There are many enhancements in the C revision of the standard; many of the enhancements improve coding efficiency and overall throughput. JESD204C is backward-compatible with the A and B standards, but with some limitations in subclass-0 operation. Designers familiar with the JESD204B revision will see compatibility based on the coding scheme and recommendations for higher throughput, using various enhancements to the standard.

The most obvious change is the addition of denser 64B/66B and 64B/80B coding schemes; these methods are far more efficient in symbol coding. 64B/66B has only a 3.125% coding overhead versus the 20% overhead on 8B/10B. The downside is that it initially takes longer to encode due to the longer symbol length, which will result in a certain coding latency since most data converters provide 8 to 16 bits of data per sample.

For 8B/10B, not much has changed from the B revision. Subclass 0, 1 and 2 are all supported. As a refresher, subclass 0 is the A revision’s backward-compatibly mode, used for the lowest possible link delay without deterministic latency. Subclasses 1 and 2 establish deterministic channel latency and multi-device phase alignment. The transport still uses the SYNC interface and initial lane alignment sequence (ILAS) to establish both data alignment and channel latency.

The 64B/66B and 64B/80B coding standards used in JESD204C are a bit more complicated and no longer use the ILAS and SYNC interface to establish proper frame alignment. Instead, these modes use a SYNC header embedded as the first 2 bits of every frame, which are concatenated into a 32-bit SYNC message. Every run of 66 bits starts with the sync header symbol (2 bits – 01 or 10 are valid sync symbols, 00 and 11 are illegal values) encoded into the SYNC header stream. This stream always contains a pilot signal used for sync alignment to the 66-bit frame. Multiple frames form blocks, and groups of blocks form extended multi-blocks.
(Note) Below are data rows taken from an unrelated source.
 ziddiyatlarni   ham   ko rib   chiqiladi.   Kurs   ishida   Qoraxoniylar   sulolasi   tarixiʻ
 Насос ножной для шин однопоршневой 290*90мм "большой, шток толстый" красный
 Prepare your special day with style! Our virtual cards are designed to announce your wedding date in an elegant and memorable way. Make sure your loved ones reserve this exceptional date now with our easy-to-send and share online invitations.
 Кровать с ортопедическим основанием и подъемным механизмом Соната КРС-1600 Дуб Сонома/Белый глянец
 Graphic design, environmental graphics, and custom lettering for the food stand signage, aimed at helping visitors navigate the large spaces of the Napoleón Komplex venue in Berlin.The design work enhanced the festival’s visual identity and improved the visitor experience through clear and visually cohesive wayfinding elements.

Once the receiver identities where in the stream the SYNC resides, it then moves on to identify where the frames are aligned by using the last frame indicator in the stream to sync to the frame boundaries.

Beyond the coding, there are several new classes of data transmitters and receivers that help the transmission speed and lower the interface power. These classes are shown in Table 3-1.
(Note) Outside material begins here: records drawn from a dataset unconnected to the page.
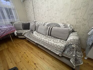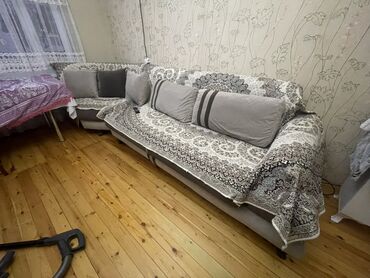 Qısa təsvir: Neytral rəngli, yastıqlarla tamamlanan, L‑şəkilli böyük künc divan və ona uyğun geniş kreslodan ibarət dəst. Rahat oturuş, dekorativ örtüklər və praktik ayaqlar sayəsində gündəlik istirahət üçün əlverişlidir.
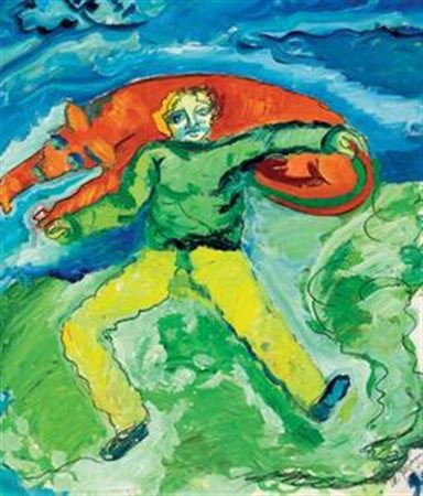 Mimmo Germanà Catania 1944 - 1992 Figure, 1982 Olio su carta applicata su tela, cm. 57,5x49 Firma e data in basso a destra: Mimmo Germanà / 3-1982. Al verso, sulla tela e sul telaio: timbro Galleria d'Arte "L'Acquario" / Giulianova (Te). Certificato con foto Archivio generale dell'opera di Mimmo Germanà, 18/10/2011, con n. 311T198290.
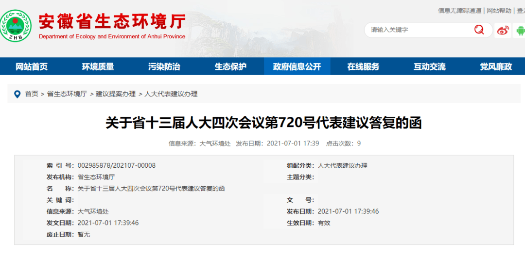 日前,安徽省生態(tài)環(huán)境廳官網(wǎng)發(fā)布《關(guān)于省十三屆人大四次會(huì)議第720號(hào)代表建議答復(fù)的函》稱,韓先云代表在省十三屆人大四次會(huì)議期間提出的《關(guān)于進(jìn)一步加強(qiáng)大氣污染防治的建議》收悉,經(jīng)研究辦理,并給予答復(fù)。
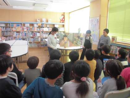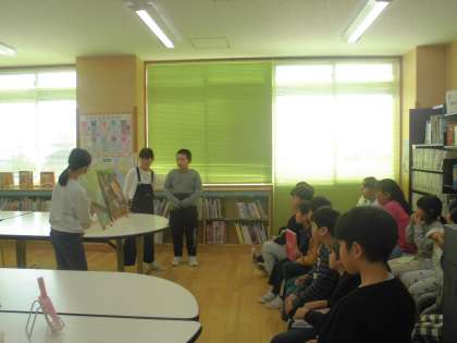 今日は、お昼休みの時間に情報委員会が読み聞かせの会を開きました。
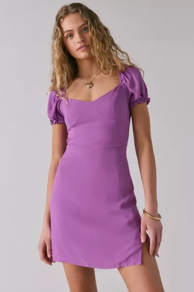 Glamorous Orchid Crepe Puff Sleeve Mini Dress
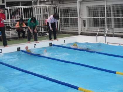 記録係の先生もストップウォッチを握る手に力がこもります。
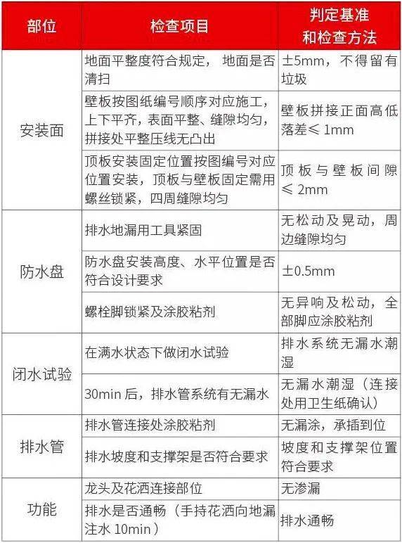 针对装配式卫生间的施工质量,可以依据其施工特性,从安装面、防水盘、闭水试验、排水管、功能等五大验收,进行层层把关,以确保施工质量。
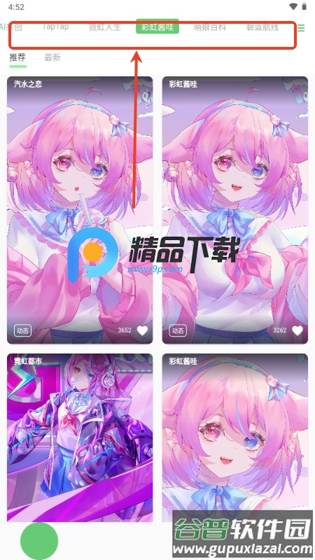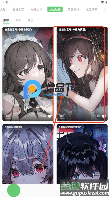 1、打开软件后,浏览并选择感兴趣的壁纸分类栏目;
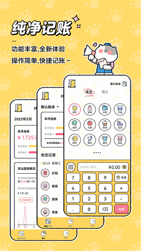 4、智能归类支出数据,生成"猫咪语"解读报告,如"喵呜~本月娱乐费超标啦"。

The three new revision C classes allow device manufacturers to provide driver/receiver pairs that have varying amounts of signal integrity processing to reduce power in shorter channels. For example, the C-S class requires that the receiver’s continuous time linear equalizer (CTLE) have only 6 dB of gain and no decision feedback equalization (DFE). Class C-R, however, requires that the CTLE have a minimum of 12 dB of gain and a 14-tap DFE. So manufacturers can provide modes that support all classes and give designers the flexibility to choose the best mode for the channel.
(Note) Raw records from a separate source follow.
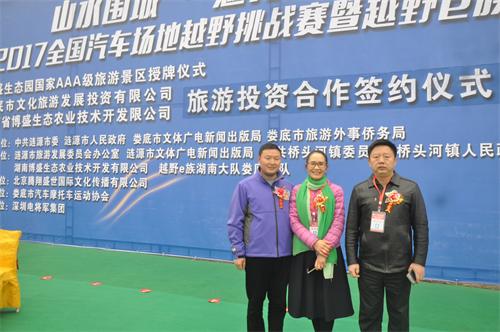 2017年 2月18日-19日,“山水圍城·魅力漣源”首屆“博盛杯”2017全國汽車場地越野挑戰賽,在湖南省婁底市漣源市橋頭河鎮國家級AAA旅游景區博盛山地越野主題公園舉行,婁底市政協副主席、民盟婁底市委主委邵瑛出席開幕式觀看比賽,并宣布閉幕。本次比賽由北京騰翔國際盛世文化傳播有限公司董事長,婁底市汽車摩托車協會會長、婁底市盟員蔣和武發起,漣源市委市政府、婁底市文體廣新局、婁底市旅游局等聯合主辦,漣源市旅發委、漣源市文體廣新局、橋頭河鎮政府、湖南博盛生態農業技術開發有限公司、越野e族婁底分隊承辦,北京騰翔國際盛世文化傳播有限公司支持,婁底市汽車摩托車協會協辦,深圳電將軍集團總冠名。賽道全程設有飛車臺、蛇形陣、炮彈坑、深水坑、駝峰等障礙物,采取同一賽道多車同發的比賽方式,是一條極富駕駛樂趣的賽道。來自湖南、重慶、湖北、安徽、廣西等15個省市的200多名國內車手參加專業組、公開組、量產組、巾幗組角逐。
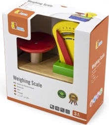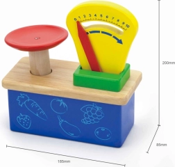 Deze robuuste houten weegschaal laat kinderen op een speelse manier kennismaken met gewichten en cijfers. Met een simpele druk op het weegplateau beweegt de wijzer en verschijnen de waarden op de wijzerplaat – zo begrijpen kinderen gemakkelijk de basis van meten en balans. Dankzij de vrolijke kleuren en de duidelijke schaalverdeling is de weegschaal een geweldige aanvulling voor de speelgoedkeuken en het winkeltje.
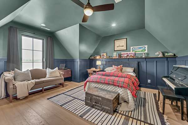 Upstairs, two generously sized bedrooms each offer private bathrooms, along with a charming loft space complete with built-in window seating. A separate staircase off the 3-car garage leads to a large bonus room, fourth bedroom, and full bath—ideal for guests or multi-generational living.
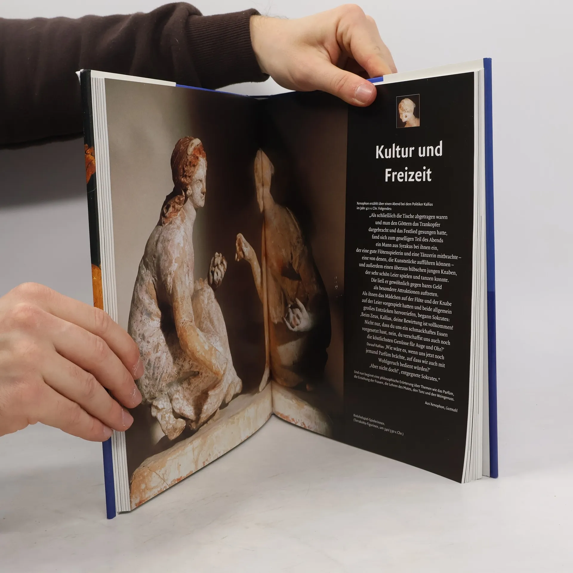 Wie wohnte man in Sparta und was aßen die Priesterinnen der Athene? Wie erzog der Tempeldiener von Delphi seine Kinder? Welche Kleider trug Helena und worüber lachte Alexander der Große? Mit spannenden, informativen Texten und erstklassigen Abbildungen erzählen die Autoren vom Wohnen und Genießen, von Kleidung und Mode, Liebe und Erotik, Arbeit und Handel, Religion und Glauben bis hin zu Bildung, Kunst und Unterhaltung. Erstmals wird so Kultur- und Alltagsleben des alten Griechenland in einem populären Sachbildband präsentiert. Historische Gestalten werden menschlich und öffnen dem Leser einen ganz neuen Blick auf die Vergangenheit dieser antiken Hochkultur.

In addition to using SYSREF in subclass 1 for phase alignment, the latest revision introduces a new signal called MULTIREF. Unlike the SYSREF signal, which originates in clocking devices, MULTIREF is an output from the data converter and is fed to the SYSREF input of the next data converter. Because the signal originates from the data converter, it may be difficult to meet the setup and hold times of some devices. Where applicable, however, the MULTIREF signal can greatly simplify the clocking of multiple converters where frame alignment is required but deterministic latency is not.

Table 3-2 lists the most significant differences between the two standards. Higher data rates are a significant difference; to better support them, there are two new coding schemes. The methods for synchronization vary by these coding schemes, and there is some additional complexity to this process.